You ask about the word selection in I Corinthians 11:15. The Greek word for "covering" is peribolaion which means a cloak, a mantle, a garment, or some other covering. It is used in Hebrews 1:12 to refer to an outer garment that has worn out. It was used by the Septuagint translators to refer to a garment, a cloak or covering, clothing, an awning, raiment, or a veil. In the most literal sense, the Greek word refers to something that is put on. The Greek word for "long hair" is komao and the word for "hair" is kome. The word kome is used exclusively for human hair when the appearance of that hair is being emphasized. I suspect that kome was particularly used because it goes well with komao. The related Greek word, thrix, refers to any physical hair, human or animal. It is not used at all in I Corinthians 11. Arguing about why God, through Paul, selected kome over thrix is really a none issue.

The use of "nevertheless" or "however" at the start of I Corinthians 11:11 is a fairly common method used by Paul to qualify what he is saying so that people don't go overboard in applying his discussion. He has made several arguments that man is over the woman, but he doesn't want people to walk away thinking that men are better than women. While men have been assigned the role of leader by God, in the Lord, that is in the church (I Corinthians 4:17; 7:22; 9:1; 15:58; 16:19), men and women are equal. This is the same as what Paul told the Galatians, "There is neither Jew nor Greek, there is neither slave nor free, there is neither male nor female; for you are all one in Christ Jesus" (Galatians 3:28). See Ephesians 5:33; Philippians 1:18; 3:16; 4:14 for other examples of "nevertheless" as used by Paul.

That a woman's long hair is the covering considered in I Corinthians 11:5-6 does not make sense because a woman is to have the covering when she is praying or prophesying.

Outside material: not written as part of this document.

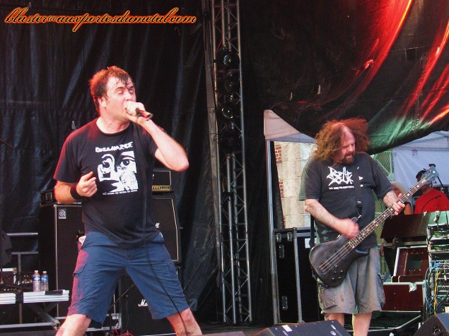 * Grande Scène : Napalm Death (Fifi). Même si j'apprécie Napalm Death... mais plutôt à dose moyenne... je dois reconnaître que le fait de savoir qu'il y en avait pour 1h15 de Death/Grindcore atomique, ça m'a paru un peu beaucoup ! Bon, sincèrement, après le concert, je suis obligé de revoir ma copie. Non, ce n'était pas tant que ça finalement, ça a même passé vite ! Barney a une présence phénoménale, il est à fond les manettes, intenable, toujours en mouvement, sa tête bouge perpétuellement... ce qui ne l'empêche pas d'être très sympa et communicatif avec le public... la classe quoi ! La section instrumentale n'est pas en reste... à fond les manettes je vous dis, le groupe dans son intégralité est dans une forme olympique, salué par les incontournables pogos qui se forment ! Setlist Napalm Death :

This implies that it is only needed for certain occasions. But a woman's hair is not something you can take on and off as the occasion demands. Therefore, Paul is not saying that a woman's hair is that covering. Instead, he is arguing that having to put a covering on is not a great burden because a woman is already used to her natural covering. Just as the rule for a man not to cover his head is not "unusual" or "unnatural" because men are already used to wearing short hair.